The Land of Demons

by | Sep 3, 2009 | Poetry | 0 comments

As closer to the rocks we drew
The storm in violent tumult grew …
Black cliffs rose high above our heads
Their lights had lured us to our deaths.
Like demons they were waiting there
To strip our sails and timber bare.
Soon all would sink beneath the waves
Or lie in shallow, sandy graves.
We fought and pleaded for our lives
Would no one heed our plaintive cries?
To journey home by weeping cross
All hopes and dreams would soon be lost.
Their hovellers broached upon the waves
The wreckers’ hearts were cold and brave.

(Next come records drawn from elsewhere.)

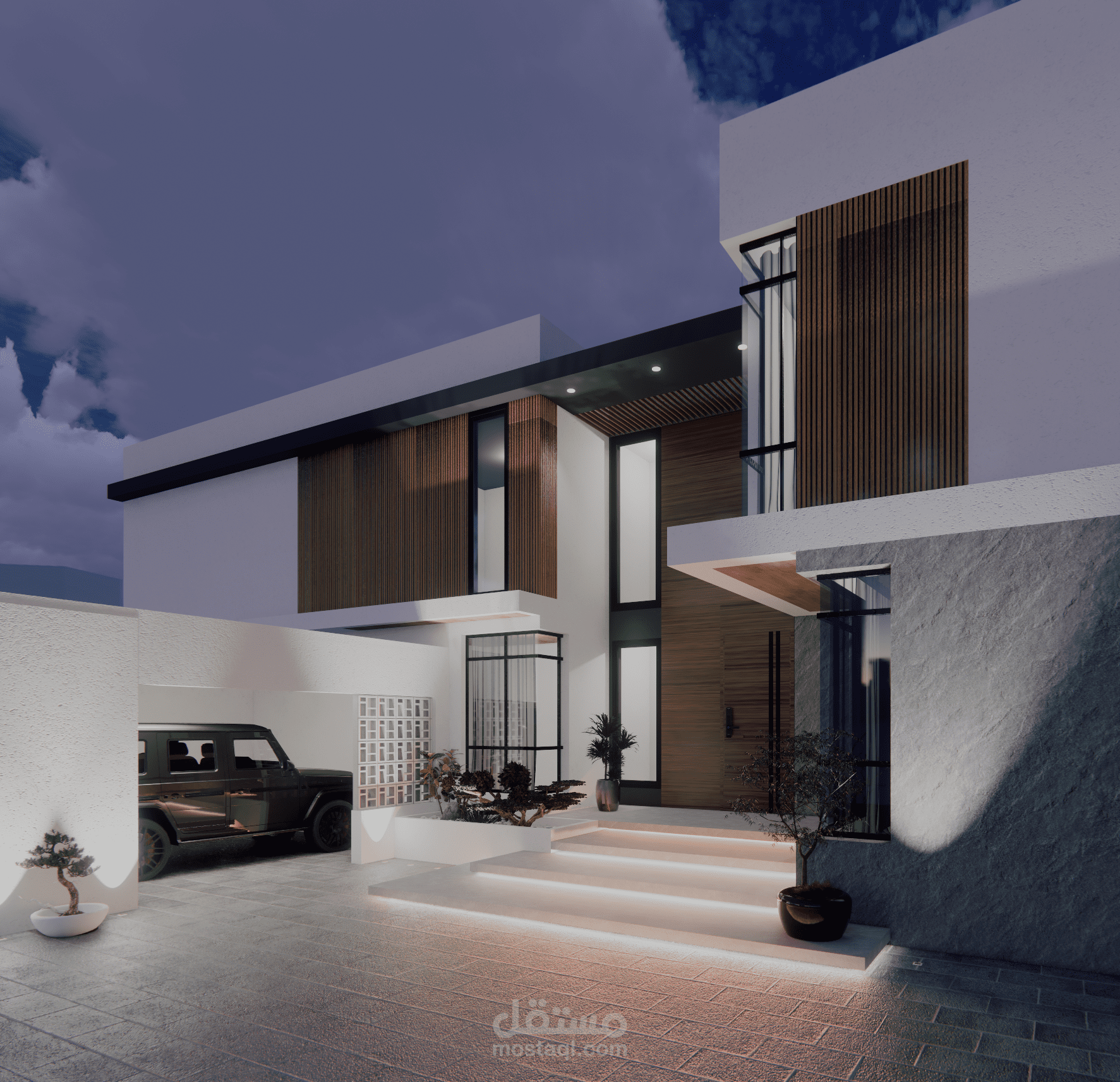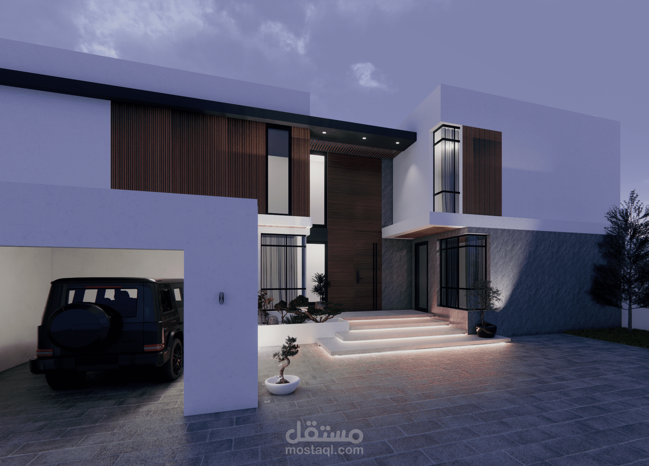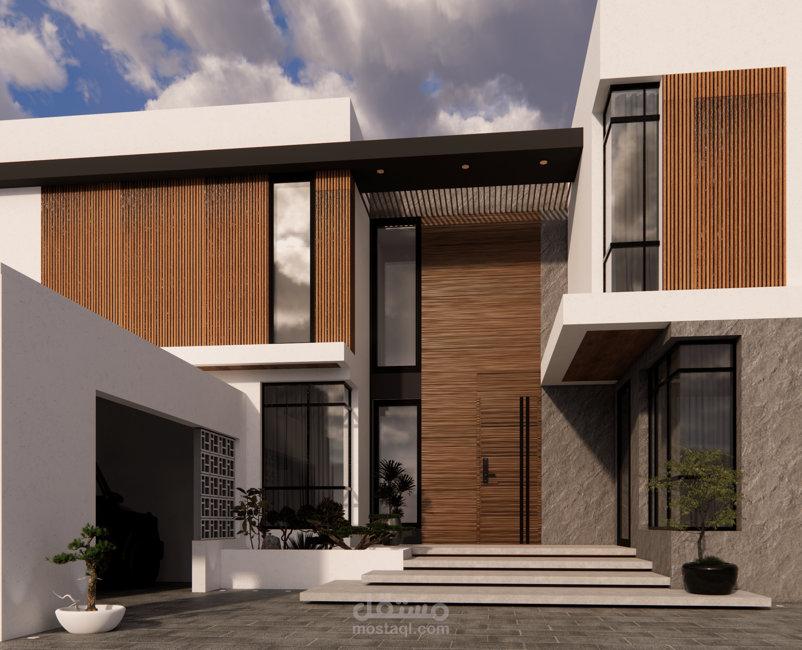 تشجير جانبي بتصميم عصري وجذاب يعزز من جمالية المدخل.
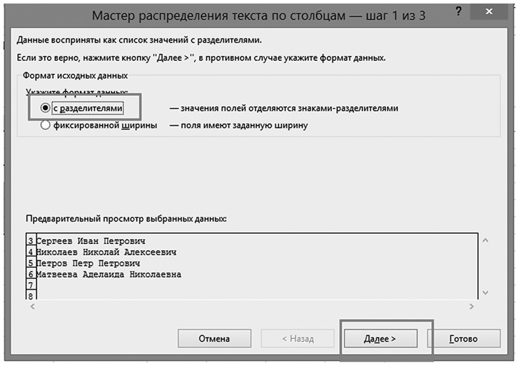 В появившемся окне выбираем «С разделителями» (если нужно разбить текст на блоки – например, номера кредитной карты по четыре цифры, – то выберите «фиксированной ширины») и нажимаем далее:
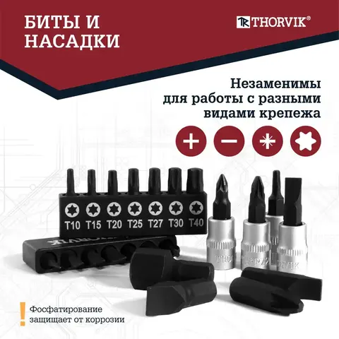 В набор входят: ударные головки, шестигранники, биты, удлинители, карданы, трещотки, вороток-отвертка, переходник. Материал инструментов - хромованадиевая сталь (CrV), прочный и долговечный материал, устойчивый к коррозии. Все инструменты упакованы в удобную пластиковую сумку для хранения и транспортировки.
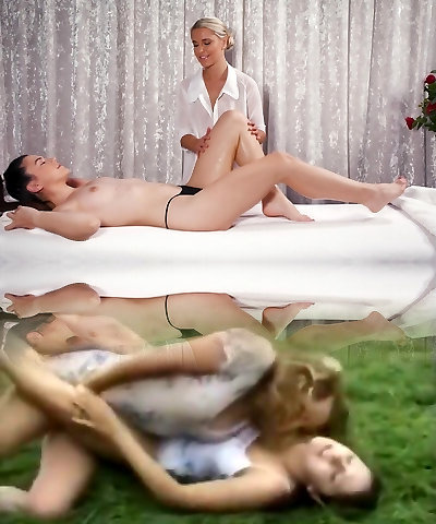 At the spa she gets an oily massage and some hot lesbian fuck-fest
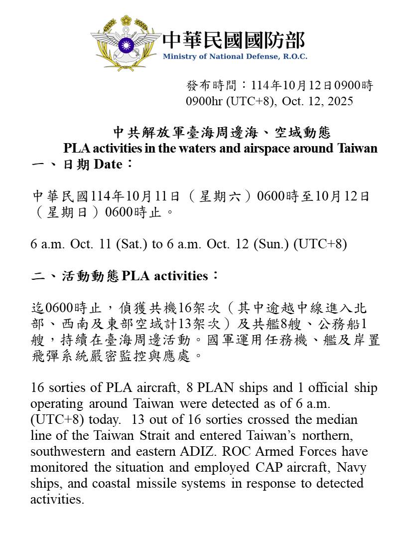 16 sorties of PLA aircraft, 8 PLAN ships and 1 official ship operating around Taiwan were detected as of 6 a.m. (UTC+8) today.  13 out of 16 sorties crossed the median line of the Taiwan Strait and entered Taiwan’s northern, southwestern and eastern ADIZ. ROC Armed Forces have monitored the situation and employed CAP aircraft, Navy ships, and coastal missile systems in response to detected activities.
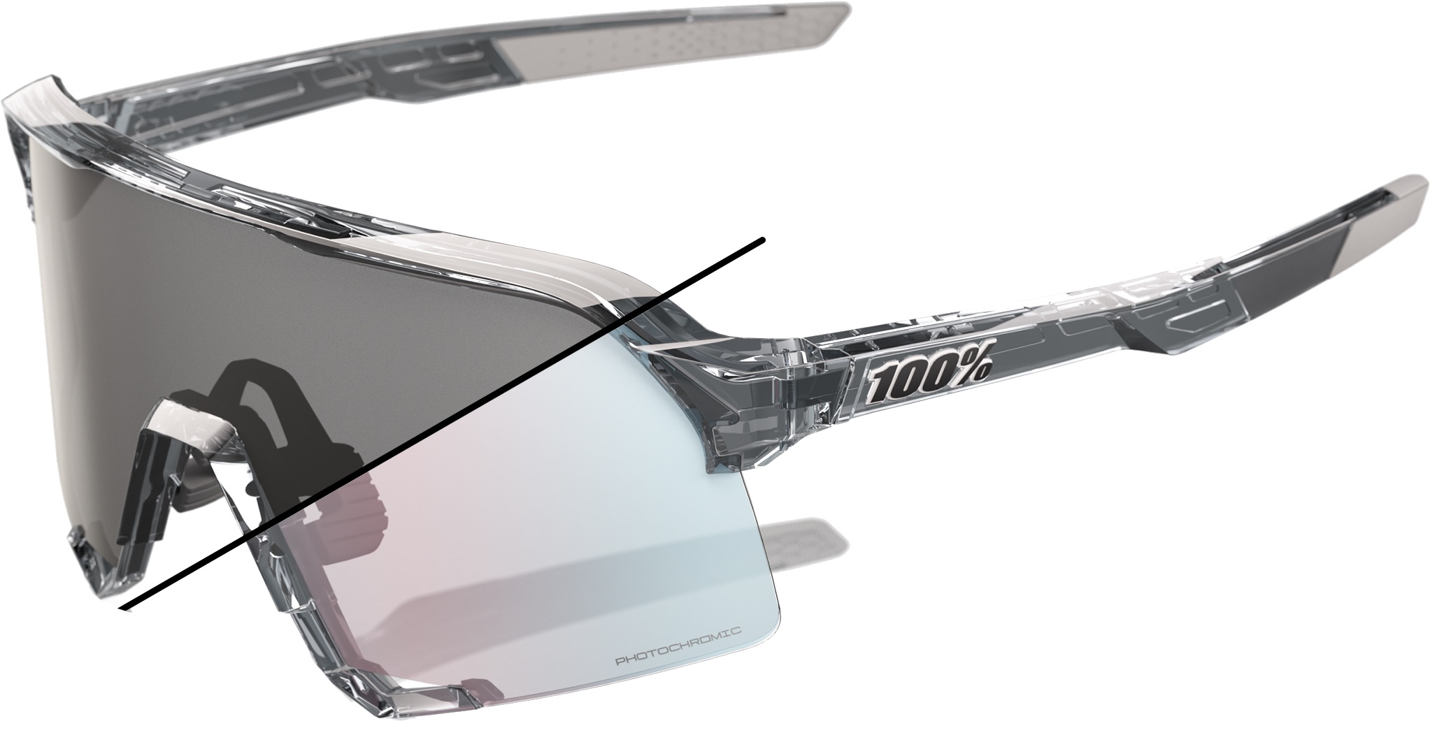 100% SPEEDCRAFT Cykelbriller – Polished Translucent Grey – Rose Gold Mirror Photochromic Lens
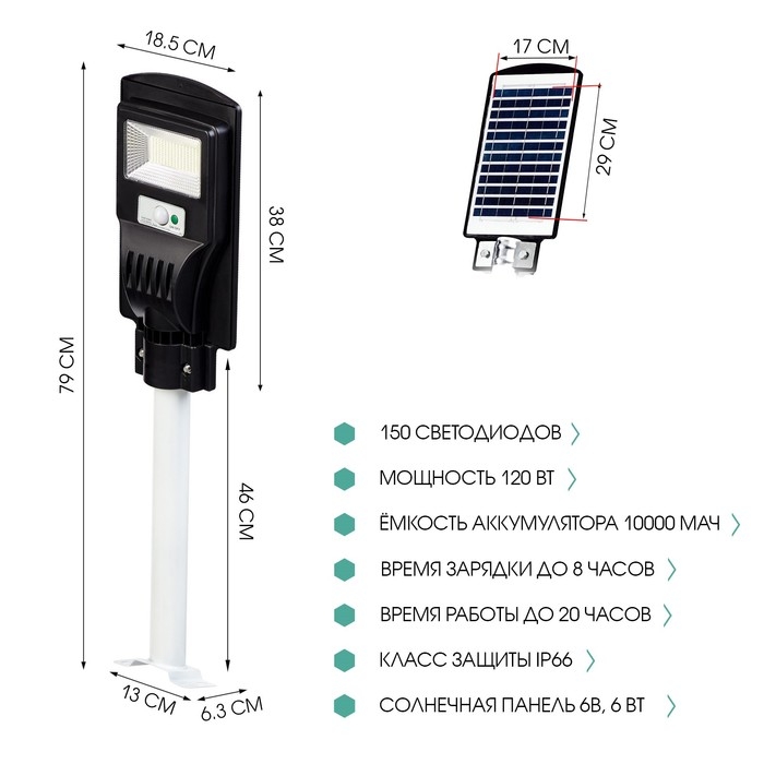 Уличный настенный фонарь, изготовленный из ABS-пластика, идеально подходит для освещения больших площадей до 150 квадратных метров. Он работает от встроенного аккумулятора большой емкости (10 000 мАч). Комплектация включает пульт дистанционного управления, крепежные винты и фонарную трубу для установки на нужной высоте. Мощный (120 Ватт) фонарь оснащен 150 светодиодами SMD LED 2835, обеспечивающими яркий и равномерный световой поток. Время зарядки от 5 до 8 часов обеспечивает до 15-20 часов работы без подзарядки, а солнечная панель с напряжением до 6 В, и мощностью 6 Вт обеспечивает зарядку от солнечной энергии в течение дня. Поставляется в надежной коробке для безопасной транспортировки и хранения. С помощью пульта дистанционного управления можно регулировать яркость, что делает использование фонаря еще более удобным и функциональным.
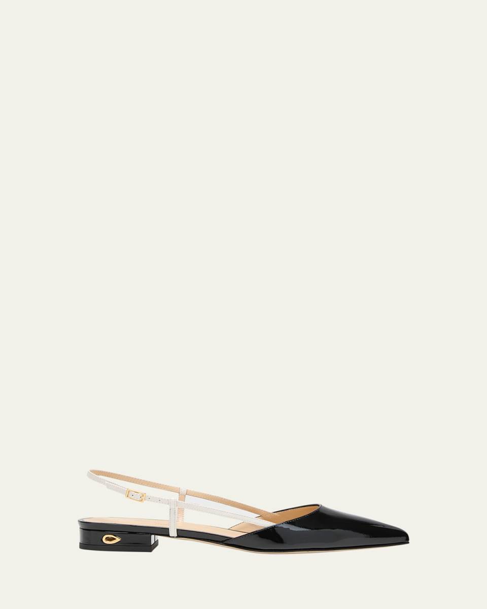 Jennifer Chamandi "Mario" ballerina flats in twotone leather. Signature 'Eye of the Needle' hole in the heel. 0.75 in / 20 mm flat heel. Pointed toe. Anchored slingback strap. Goat leather lining. Made in Italy.
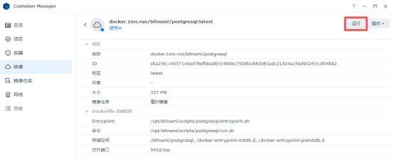 - 映像下载完成后,在 映像 页面选中 postgres (或你下载的版本),然后点击顶部的
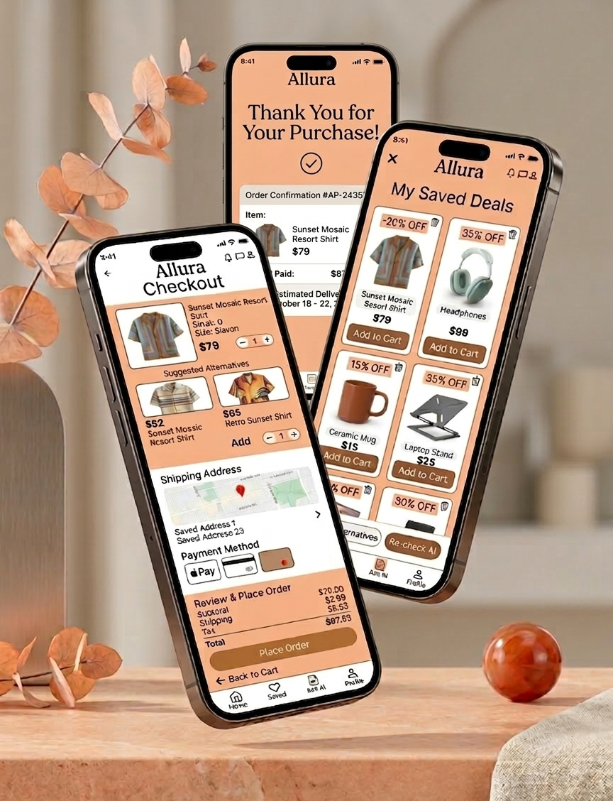 Allura is a modern e-commerce app concept focused on seamless product discovery and intuitive shopping. I designed the experience from wireframes to high-fidelity mockups, exploring how clean navigation, thoughtful layouts, and AI assistance can simplify the online shopping journey.
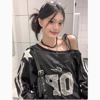 2024 秋冬 トップス 長袖 かわいいラウンドネック Tシャツ レディースロンt 韓国風ロゴ衣装ルーズゆったりカジュアルおしゃれサイズスリーブシルエットファッション系サイドシャツフットスウエット春
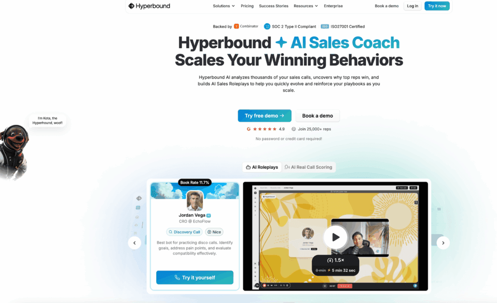Hyperbound is an AI Role Play platform that enables organizations to quickly launch realistic simulations based on ideal customer profile (ICP) descriptions. Sellers can master key skills and gain confidence, without putting deals at risk or overburdening sales managers.
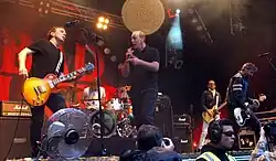 Bentley and later Gurewitz returned to Bad Religion in 1986, with the five-piece lineup releasing three albums in three years before Finestone left again in 1991.[2] He was replaced by Bobby Schayer, whose first album with the band was Generator in 1992.[2] After Bad Religion signed to Atlantic Records and released Stranger than Fiction in 1994, Gurewitz left the band again.[3] Shortly after the album's release, Brian Baker took Gurewitz's place in the group.[4] After three more albums, Schayer departed the band in 2001 due to a shoulder injury, and was replaced by Brooks Wackerman.[5] Around the same time, Gurewitz returned to the band for a third time.[6] Longtime guitarist Hetson left in 2013 and was replaced by Mike Dimkich,[7] and in 2016 Jamie Miller replaced Wackerman after he joined Avenged Sevenfold.[8]
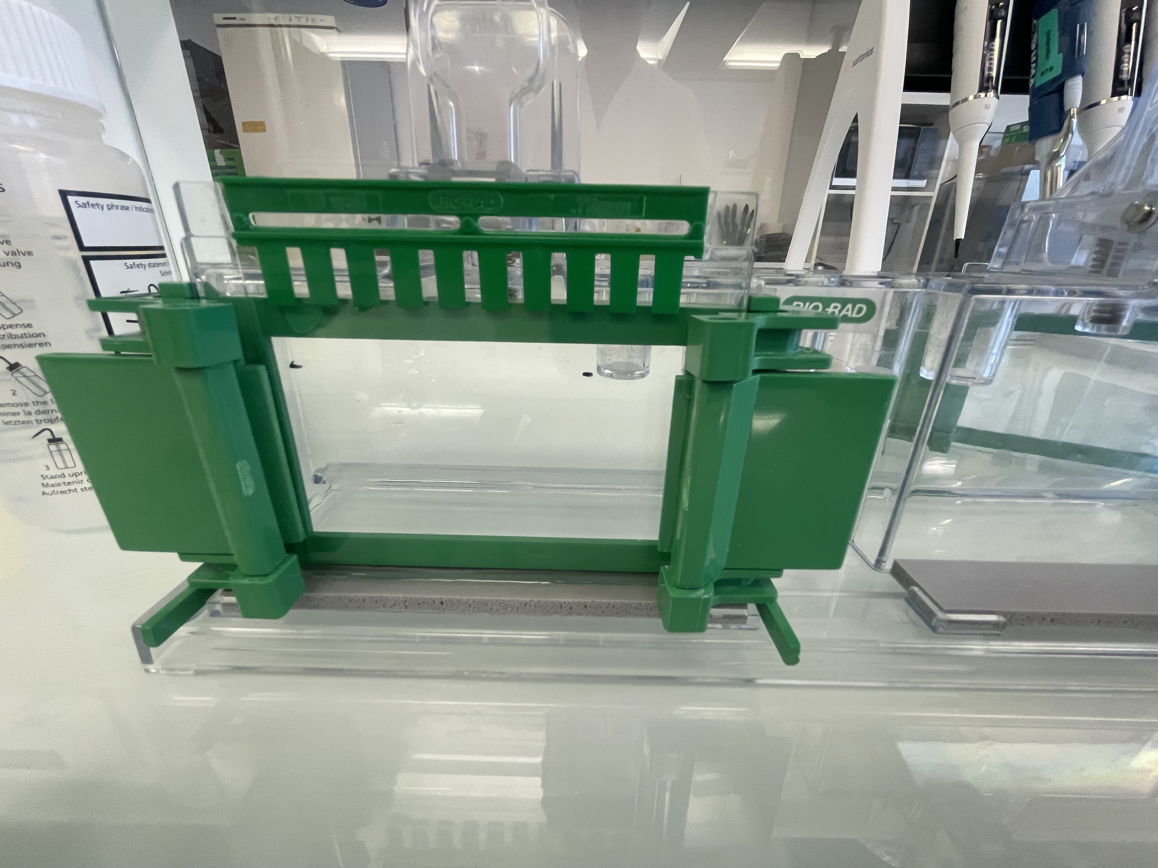 - Placer le gel sur un support. Si il y a plus d'emplacement que de gel par support, bien prévoir d'utiliser un "fantôme" pour assurer la conduction du courant.

They’d trawl for bodies on the shores
May God have pity on our souls!
And some who lived would also die
A murdered man -the seagulls’ cry?
The captain’s daughter, too, was lost
On to a lonely bay was tossed.
They tore the earrings from her ears
Who shed for her a mother’s tears?
Our sails would patch their broken roofs
Their food was bought with plundered goods.
A bottle of claret would sate their thirst
And ne’er a word was spoke of us.
Their children slept by the lantern’s light
That drew us to our deaths that night.
A farthing or two my coat would bring
And who would boast my sovereign ring?
And no one knows where I was laid
Down where the wreckers’ children played.